In choosing which index type to use, GiST or GIN, consider these performance differences:

GIN index lookups are about three times faster than GiST

GIN indexes take about three times longer to build than GiST

GIN indexes are moderately slower to update than GiST indexes, but about 10 times slower if fast-update support was disabled (see Section 58.4.1 for details)

GIN indexes are two-to-three times larger than GiST indexes

Full text search for flask.

flask-msearch Installation To install flask-msearch: pip install flask-msearch # when MSEARCH_BACKEND = "whoosh" pip install whoosh blinker # when MSE

197 Dec 29, 2022

document organizer with tags and full-text-search, in a simple and clean sqlite3 schema

152 Oct 29, 2022

Full-text multi-table search application for Django. Easy to install and use, with good performance.

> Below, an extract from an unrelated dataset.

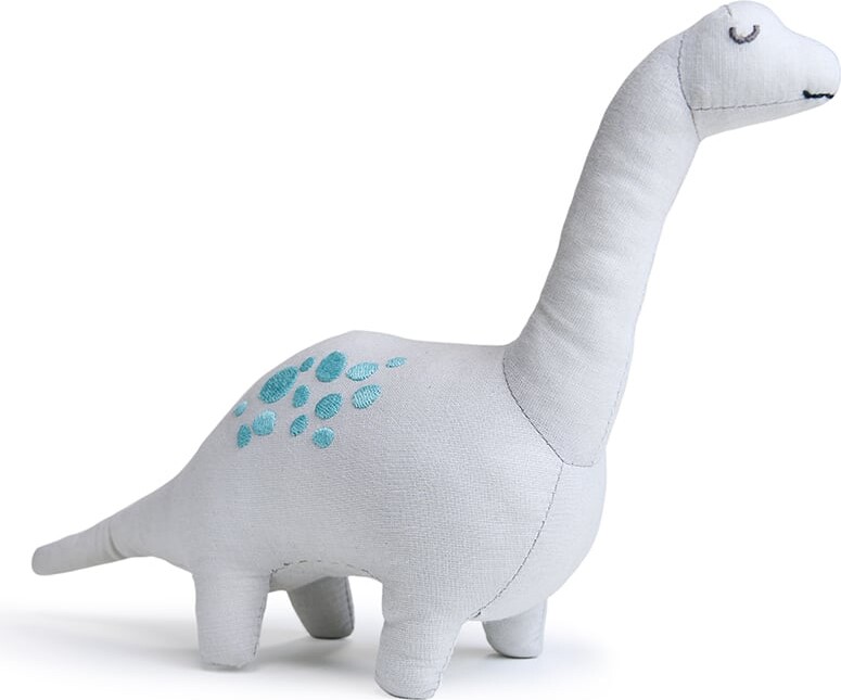 Et fredfyldt brontosaurus legetøj lavet af gråt bomuld og hør af høj kvalitet med broderede træk. Dinoen er en perfekt gave til børn, færdiggjort i naturlige hørstoffer af højeste kvalitet....

django-watson django-watson is a fast multi-model full-text search plugin for Django. It is easy to install and use, and provides high quality search

1.1k Jan 3, 2023

Deep Image Search is an AI-based image search engine that includes deep transfor learning features Extraction and tree-based vectorized search.

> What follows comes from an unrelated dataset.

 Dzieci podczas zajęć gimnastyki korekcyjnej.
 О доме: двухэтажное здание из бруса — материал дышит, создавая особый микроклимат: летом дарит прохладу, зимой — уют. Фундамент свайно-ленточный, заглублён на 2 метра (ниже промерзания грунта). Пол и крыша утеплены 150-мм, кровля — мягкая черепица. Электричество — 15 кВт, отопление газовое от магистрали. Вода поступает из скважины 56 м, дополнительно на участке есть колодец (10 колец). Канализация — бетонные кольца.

Deep Image Search - AI-Based Image Search Engine Deep Image Search is an AI-based image search engine that includes deep transfer learning features Ex

139 Jan 1, 2023

Connectionist Temporal Classification (CTC) decoding algorithms: best path, beam search, lexicon search, prefix search, and token passing. Implemented in Python.

CTC Decoding Algorithms Update 2021: installable Python package Python implementation of some common Connectionist Temporal Classification (CTC) decod

736 Jan 3, 2023

Open Source Discord bot with many cool features like Weather, Balance, Avatar, User, Server, RP-commands, Gif search, YouTube search, VK post search etc.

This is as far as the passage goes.